Online production deployments demonstrate substantial uplift in business KPIs (CTR, GMV, ACC), with single-generative S&R backbones outperforming cascaded pipelines and prior multitask models (Yan et al., 25 Sep 2025, Gao et al., 26 Sep 2025, Chen et al., 8 Sep 2025).
Human feedback and click-based alignment are incorporated via reward-model alignment (CTR predictors, RL, DPO/PPO-based listwise training) (Min et al., 14 Apr 2025, Wang et al., 29 Apr 2025).

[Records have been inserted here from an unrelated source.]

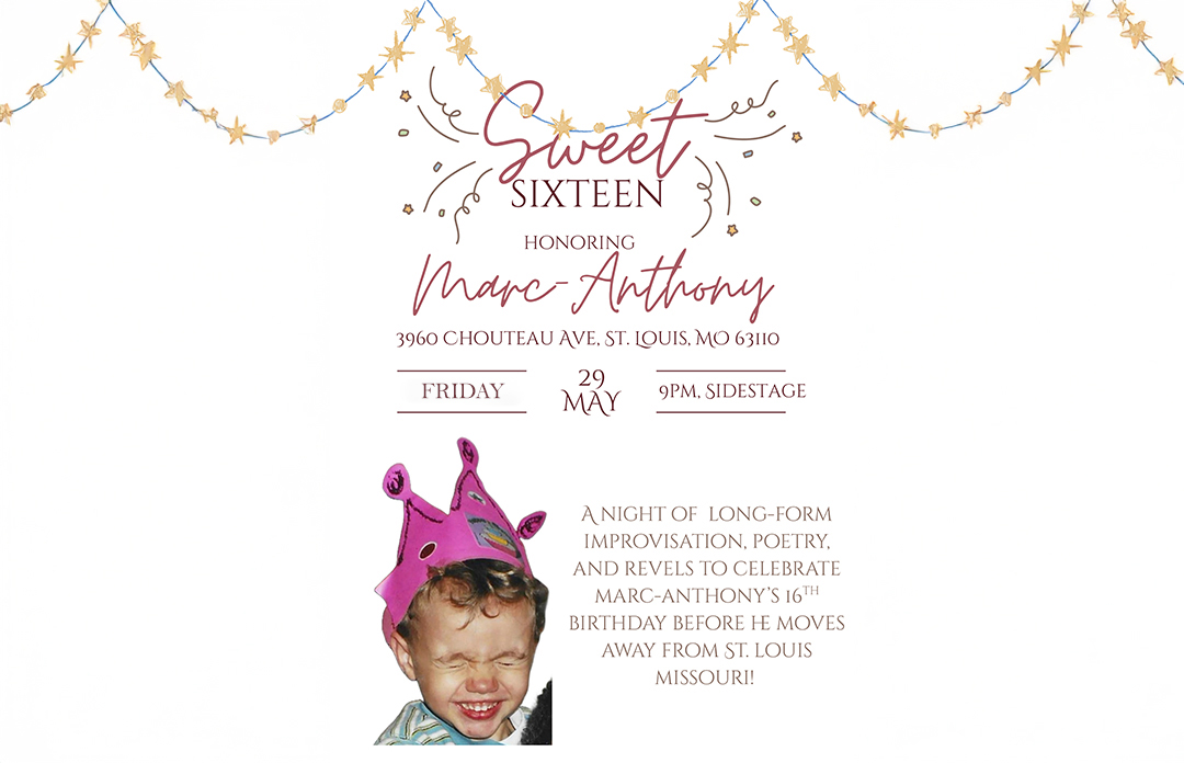 Join Marc-Anthony and friends to celebrate his 16th birthday before he leaves STL at the end of July. Marc-Anthony will be reading poetry composed between the ages of 5 and 15, and in an Armando style, he and his fellow improvisers will perform scenes! He misses you already.
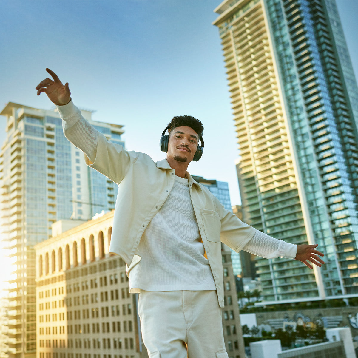 You decide how much of the outside world you let in. These over-ear headphones come equipped with Quiet and Aware Modes that let you toggle between full noise cancelling or full awareness of your surroundings. Or better yet, create your own custom mode and have the power to adjust the noise cancellation as you see fit, add Wind Block to tune out breezy environments, and revisit the custom setting at any time.
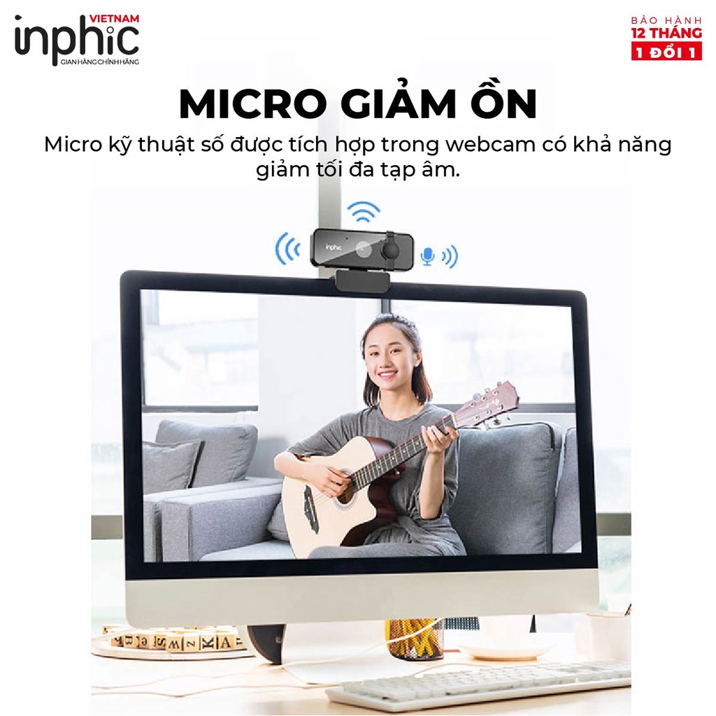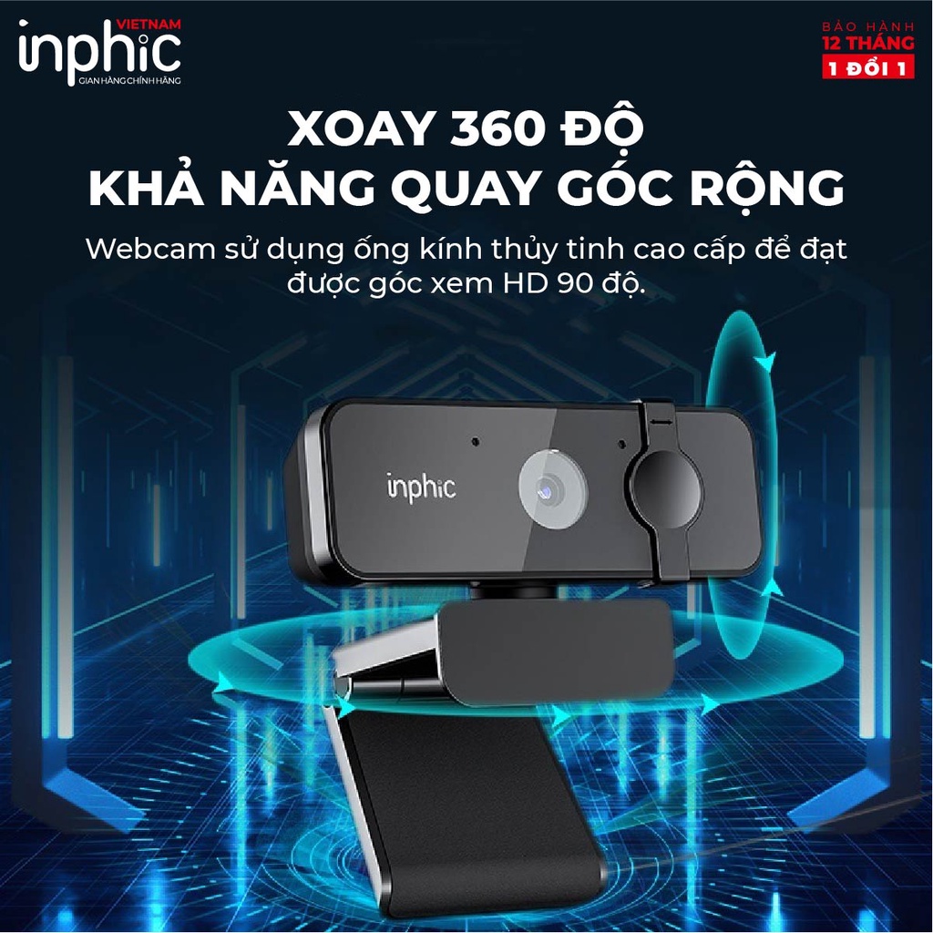 Webcam INPHIC UC10 Full HD 1080p Cực Nét Có Mic Dùng Cho Máy Tính Laptop Hỗ Trợ Học Tập và Làm Việc Online

6. Open Problems, Future Directions, and Limitations

Despite rapid progress, several open challenges and research avenues persist:

Efficient index updates under corpus dynamism: enabling adding/removing documents/items without expensive retraining or index rebuilding (Li et al., 2024, Penha et al., 14 Aug 2025, Zhang et al., 19 Sep 2025).
Scalability of generative decoding (beam search optimization, sublinear constraint decoding, hybrid recall-then-rerank pipelines) (Li et al., 2024, Gao et al., 16 Nov 2025, Ju et al., 29 Jul 2025).
Hallucination and factuality: ensuring generated identifiers correspond to actual corpus items; Trie- or FM-index constraint decoding and controlled RL are current partial solutions (Li et al., 2024, Chen et al., 8 Sep 2025).
Deeper personalization: modeling collaborative signals, user segment adaptation, and interactive multi-turn refinement (Penha et al., 2024, Acharya et al., 2 Jun 2025, Wang et al., 29 Apr 2025).
Full end-to-end multimodal generative agents (vision-language, video, cross-modal contexts) remain underexplored (Ramisa et al., 2024).
Information-theoretic optimizers and subspace partitioning provide principled enhancements to prompt-based multitask learning; maximizing mutual information per task promises further model generalization and conflict reduction (Zhao et al., 9 Apr 2025).

Generative search and recommendation articulate a flexible, unified paradigm that bridges classical IR and recommender systems with large foundation models, semantic item representations, and user-centric context modeling, yielding enhanced adaptability, personalization, and performance across text and multimodal domains. Future work focuses on large-scale deployment, multimodal expansion, efficient dynamic corpora handling, interactive feedback integration, and robust evaluation metrics.